_Activity_
Among the lines of the listing below, retype exactly those from the one containing "Фото товара 22953, женская" through the one containing "热锅下熟菜籽油,六成油温后下豆腐将两面都煎到金黄色;", both included. Do not include pictures.

_Input data_
◇ ◇ ◇
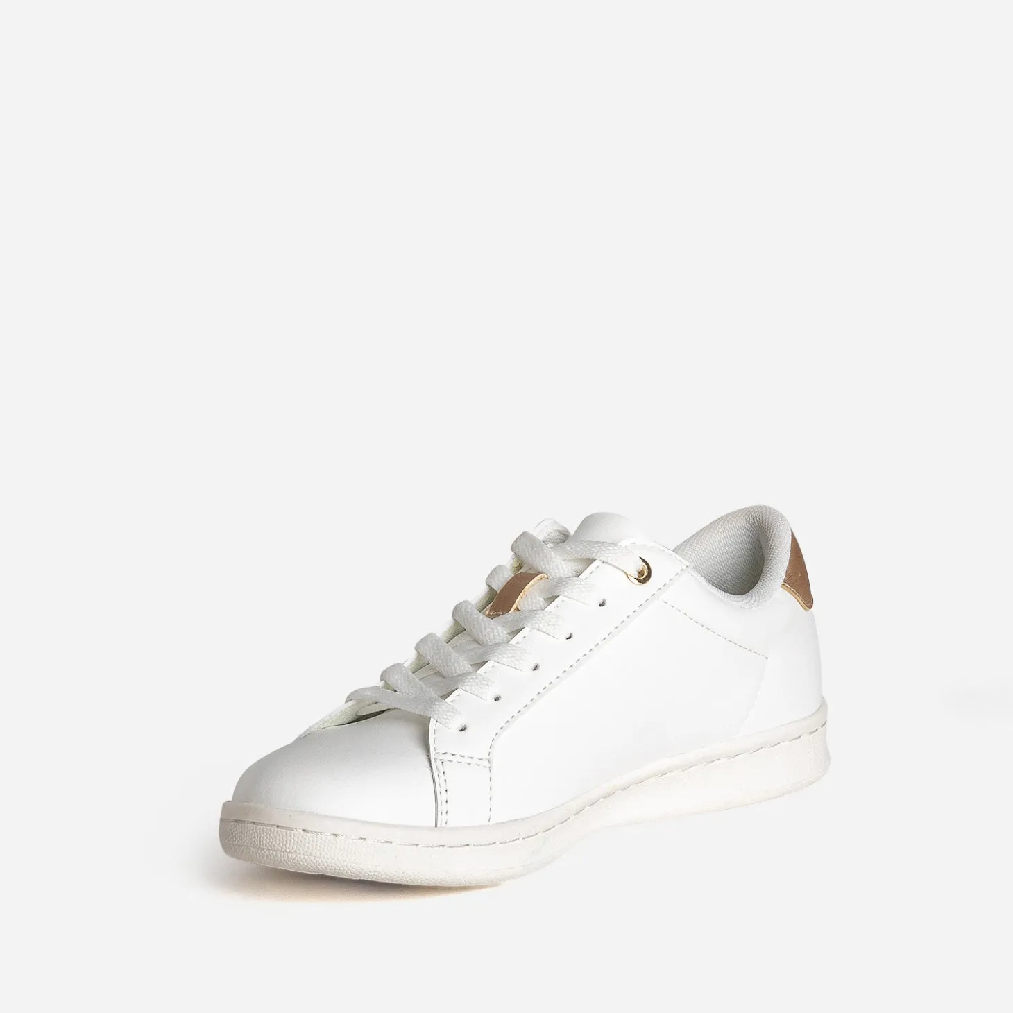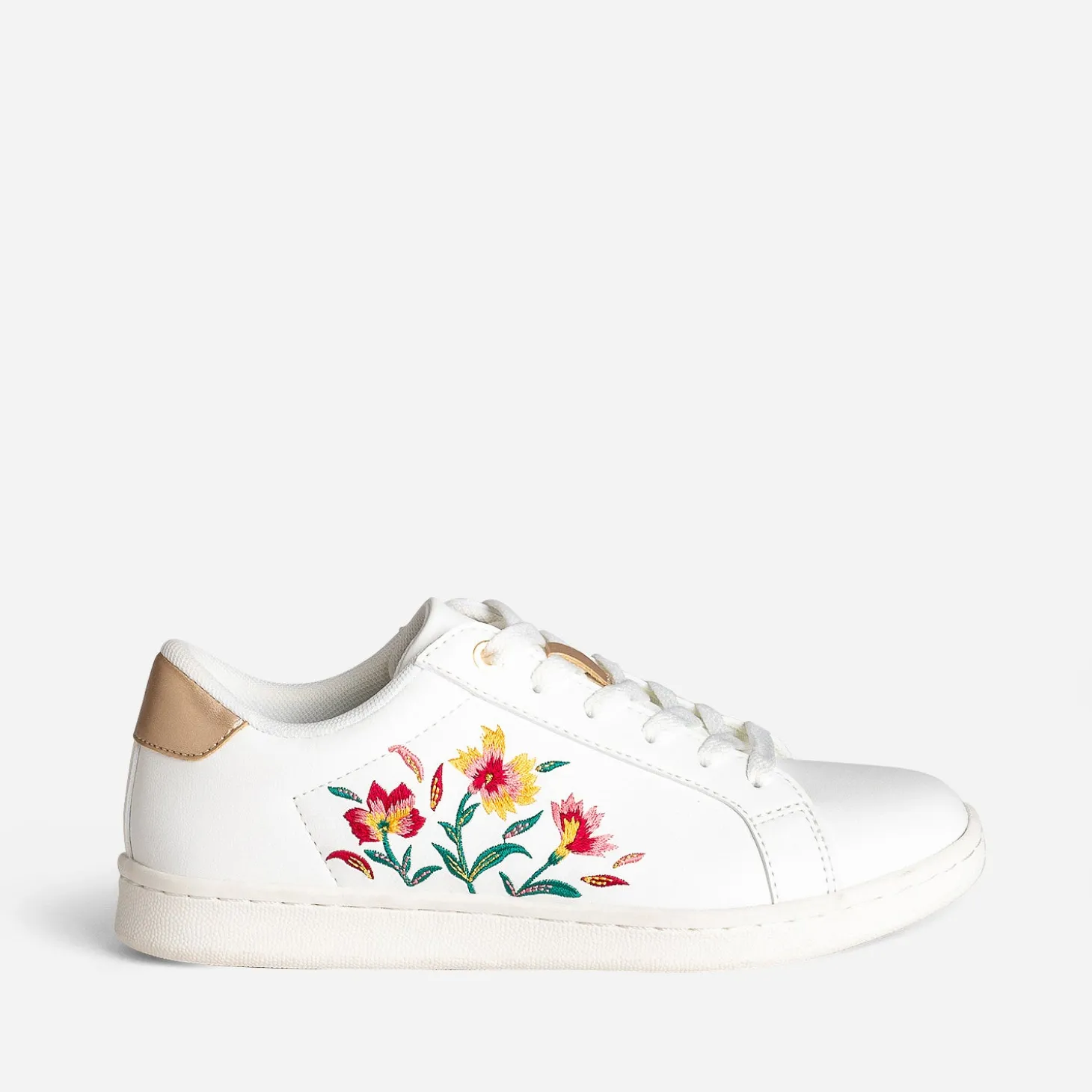 La tennis annonce l’arrivée du printemps. Comment ? Par une broderie fleurs en couleurs, posée sur le côté. En matière synthétique blanche, elle se laisse twister de touches dorées sur la languette et le contrefort. Un modèle à associer à un top jaune safran, sur une jupe midi en lin rose, avec une ceinture rouge.
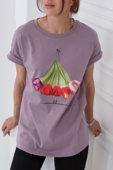 Фото товара 22953, женская фиолетовая футболка оверсайз
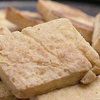 热锅下熟菜籽油,六成油温后下豆腐将两面都煎到金黄色;
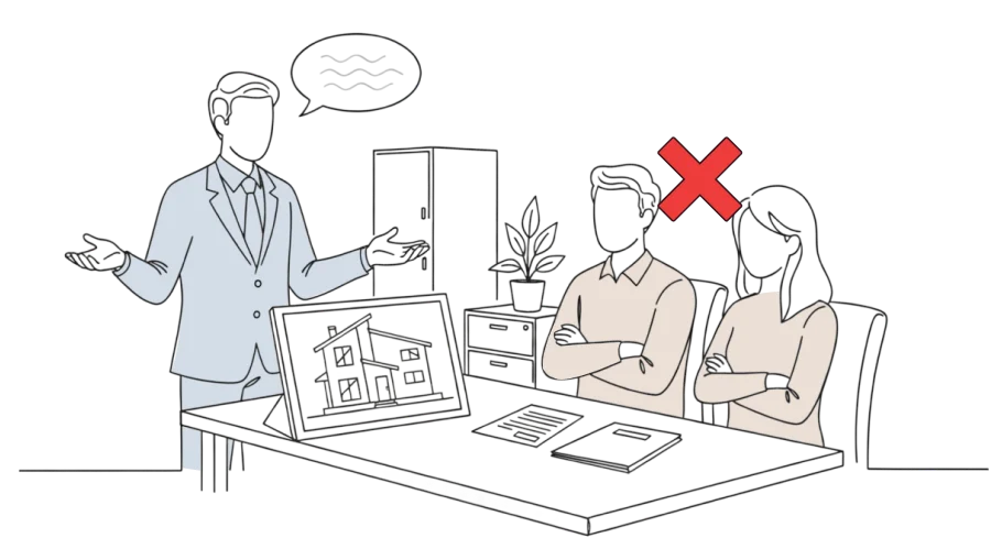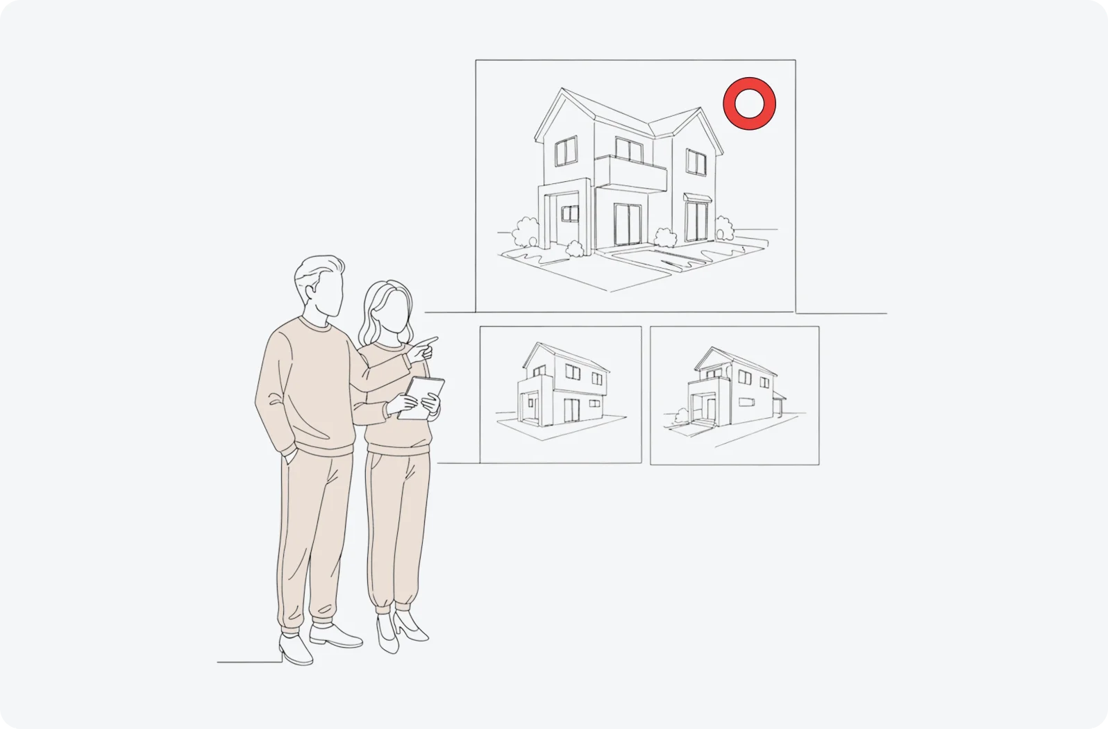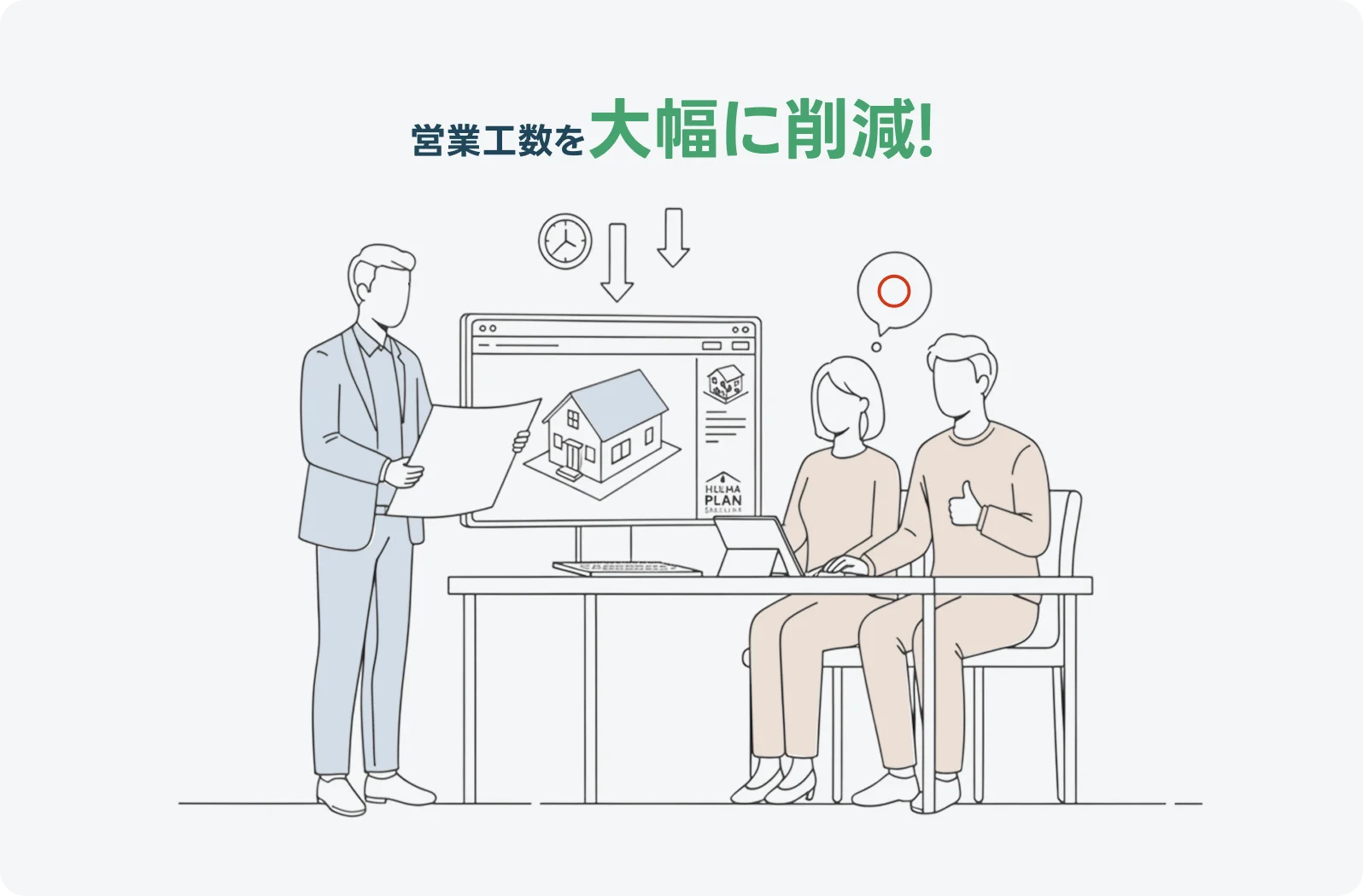 「せっかくモデルハウスに行ったのにプラン書いてもらえない」「プラン提案まで時間がかかる」といった顧客の悩みを解決。 設計士の工数を使わずとも、営業担当者が簡単に複数のプランをその場で生成・提案できるため、お客様の期待にスピーディーに応えられます。 スピーディーな対応が、競合との差別化につながり、最終候補に選ばれる大きな一歩となります。さらに、いち早くプランを現実できることで商談の主導権を握りやすくなり、成約へとつながる確率も高まります。
◇ ◇ ◇
_Answer for this exercise_
 Фото товара 22953, женская фиолетовая футболка оверсайз
 热锅下熟菜籽油,六成油温后下豆腐将两面都煎到金黄色;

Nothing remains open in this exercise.